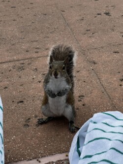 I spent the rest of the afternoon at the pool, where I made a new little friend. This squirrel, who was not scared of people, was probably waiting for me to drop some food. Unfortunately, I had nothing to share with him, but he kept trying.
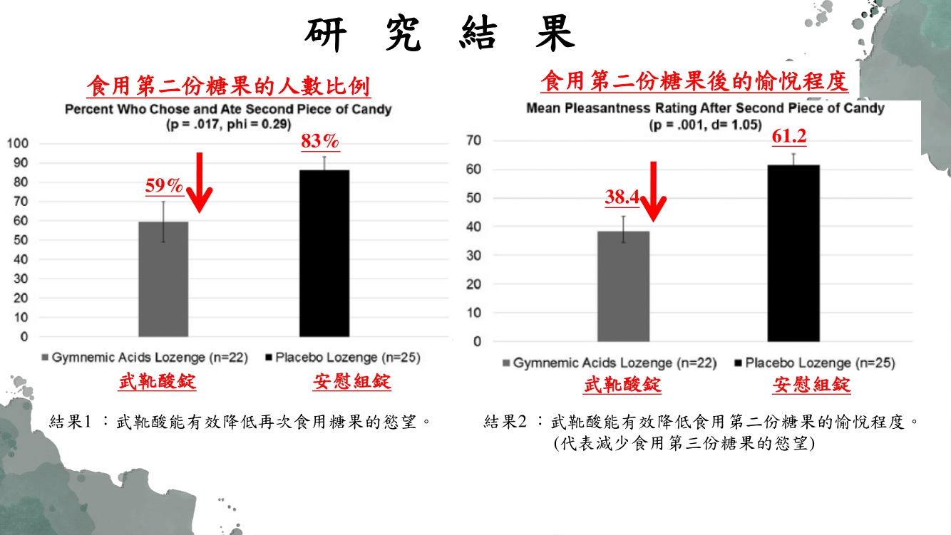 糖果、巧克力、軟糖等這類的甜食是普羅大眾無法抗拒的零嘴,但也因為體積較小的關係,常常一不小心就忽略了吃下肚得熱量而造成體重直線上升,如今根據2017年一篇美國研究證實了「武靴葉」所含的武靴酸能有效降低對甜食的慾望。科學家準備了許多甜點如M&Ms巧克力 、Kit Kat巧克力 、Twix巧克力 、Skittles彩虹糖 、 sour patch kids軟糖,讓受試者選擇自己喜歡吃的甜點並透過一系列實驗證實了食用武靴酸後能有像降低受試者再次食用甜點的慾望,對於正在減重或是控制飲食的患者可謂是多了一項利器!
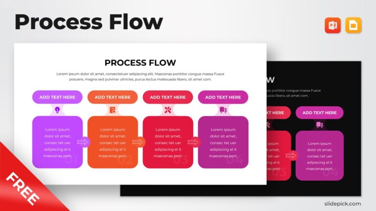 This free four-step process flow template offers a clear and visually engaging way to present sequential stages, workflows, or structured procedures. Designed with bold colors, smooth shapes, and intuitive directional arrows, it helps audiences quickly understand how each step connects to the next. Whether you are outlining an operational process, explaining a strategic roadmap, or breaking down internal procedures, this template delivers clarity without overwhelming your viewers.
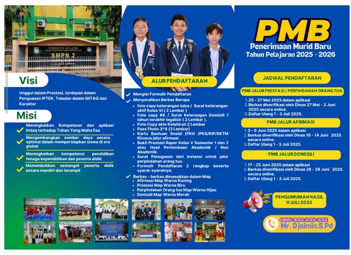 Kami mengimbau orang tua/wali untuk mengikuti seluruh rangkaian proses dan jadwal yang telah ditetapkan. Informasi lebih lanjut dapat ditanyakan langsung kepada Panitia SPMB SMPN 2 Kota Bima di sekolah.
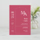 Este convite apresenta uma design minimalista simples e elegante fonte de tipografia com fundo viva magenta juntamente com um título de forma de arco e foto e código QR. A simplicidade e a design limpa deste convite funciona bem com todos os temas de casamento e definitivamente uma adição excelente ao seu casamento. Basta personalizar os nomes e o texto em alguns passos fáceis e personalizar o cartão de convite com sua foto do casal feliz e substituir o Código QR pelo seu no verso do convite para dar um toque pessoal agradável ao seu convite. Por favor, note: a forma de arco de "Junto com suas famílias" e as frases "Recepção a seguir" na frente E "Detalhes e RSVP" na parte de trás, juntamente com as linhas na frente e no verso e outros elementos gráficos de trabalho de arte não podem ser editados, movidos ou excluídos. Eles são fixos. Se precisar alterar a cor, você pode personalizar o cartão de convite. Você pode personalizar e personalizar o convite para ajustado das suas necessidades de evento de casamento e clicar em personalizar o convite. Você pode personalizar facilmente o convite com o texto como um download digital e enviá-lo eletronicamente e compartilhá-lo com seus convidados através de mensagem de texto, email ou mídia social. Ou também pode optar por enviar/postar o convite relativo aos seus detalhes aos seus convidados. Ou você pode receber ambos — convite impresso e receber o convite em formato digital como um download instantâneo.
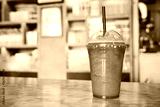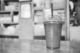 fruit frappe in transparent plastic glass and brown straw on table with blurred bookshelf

--

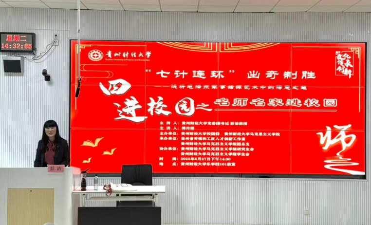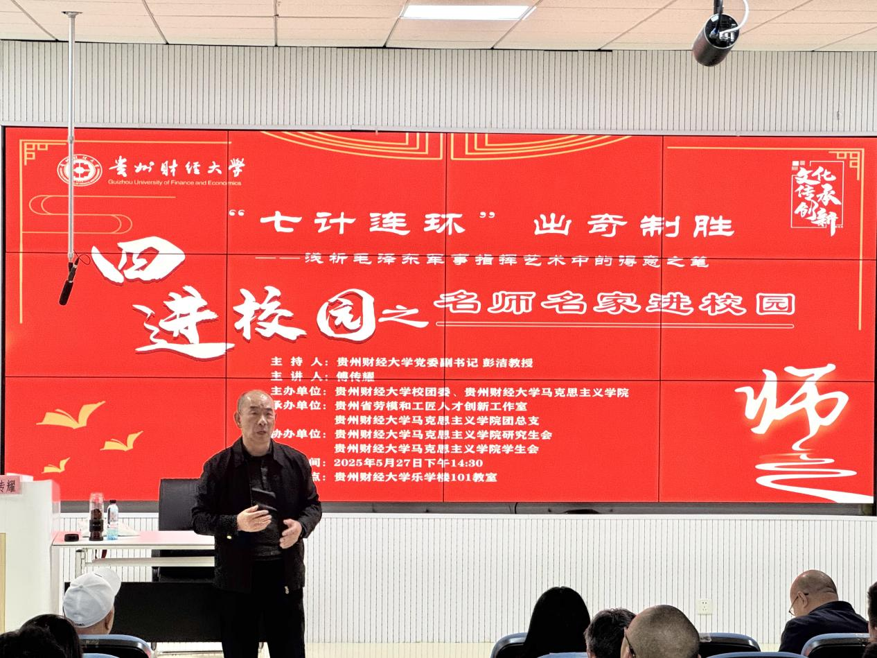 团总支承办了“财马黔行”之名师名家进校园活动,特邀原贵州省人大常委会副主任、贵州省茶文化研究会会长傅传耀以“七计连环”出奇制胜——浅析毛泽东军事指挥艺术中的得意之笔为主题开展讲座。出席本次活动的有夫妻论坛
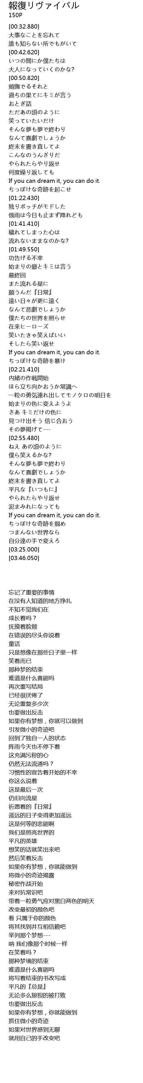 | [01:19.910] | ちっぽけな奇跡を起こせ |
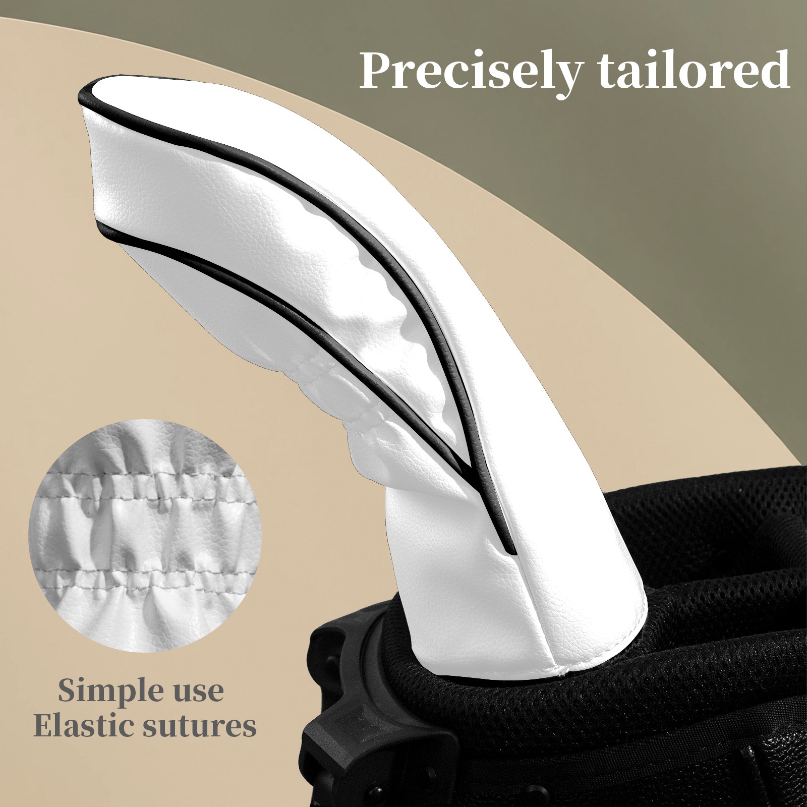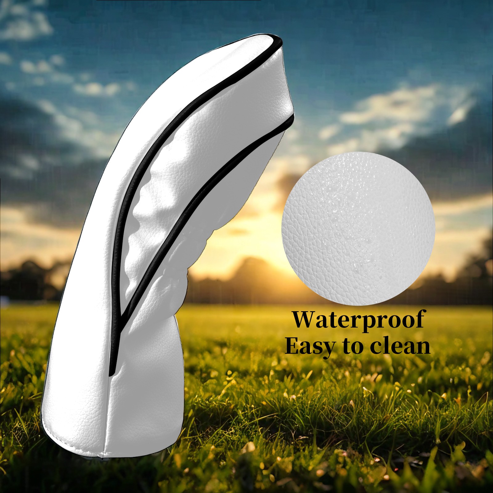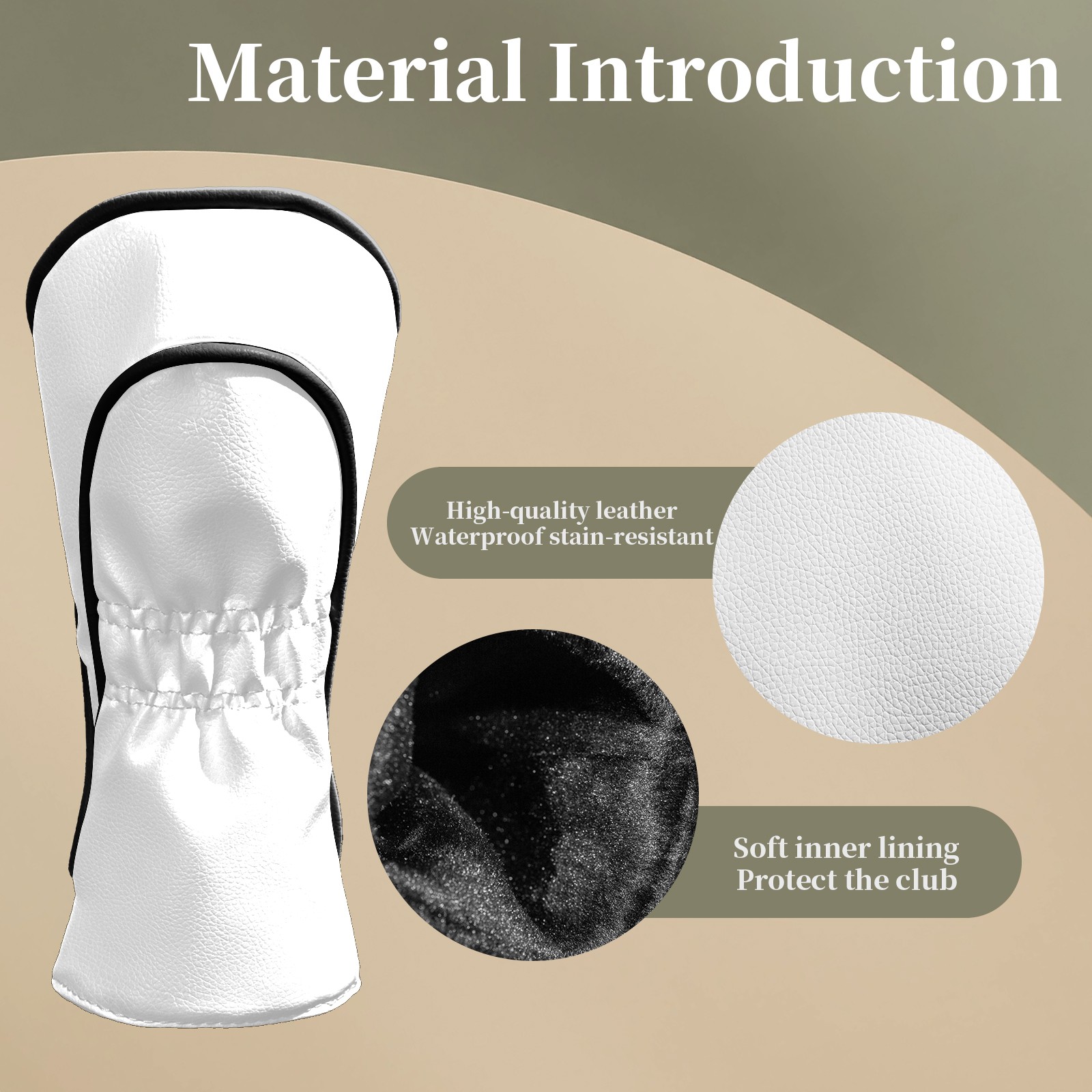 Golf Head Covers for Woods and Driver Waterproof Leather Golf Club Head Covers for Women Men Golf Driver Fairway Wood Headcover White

● **TASK STATEMENT**
The lines above from the line with "I spent the" through the line with "Kami mengimbau orang" are to be given again word for word, with no pictures among them.

● **SOLUTION TO THIS PROBLEM**
 I spent the rest of the afternoon at the pool, where I made a new little friend. This squirrel, who was not scared of people, was probably waiting for me to drop some food. Unfortunately, I had nothing to share with him, but he kept trying.
 糖果、巧克力、軟糖等這類的甜食是普羅大眾無法抗拒的零嘴,但也因為體積較小的關係,常常一不小心就忽略了吃下肚得熱量而造成體重直線上升,如今根據2017年一篇美國研究證實了「武靴葉」所含的武靴酸能有效降低對甜食的慾望。科學家準備了許多甜點如M&Ms巧克力 、Kit Kat巧克力 、Twix巧克力 、Skittles彩虹糖 、 sour patch kids軟糖,讓受試者選擇自己喜歡吃的甜點並透過一系列實驗證實了食用武靴酸後能有像降低受試者再次食用甜點的慾望,對於正在減重或是控制飲食的患者可謂是多了一項利器!
 This free four-step process flow template offers a clear and visually engaging way to present sequential stages, workflows, or structured procedures. Designed with bold colors, smooth shapes, and intuitive directional arrows, it helps audiences quickly understand how each step connects to the next. Whether you are outlining an operational process, explaining a strategic roadmap, or breaking down internal procedures, this template delivers clarity without overwhelming your viewers.
 Kami mengimbau orang tua/wali untuk mengikuti seluruh rangkaian proses dan jadwal yang telah ditetapkan. Informasi lebih lanjut dapat ditanyakan langsung kepada Panitia SPMB SMPN 2 Kota Bima di sekolah.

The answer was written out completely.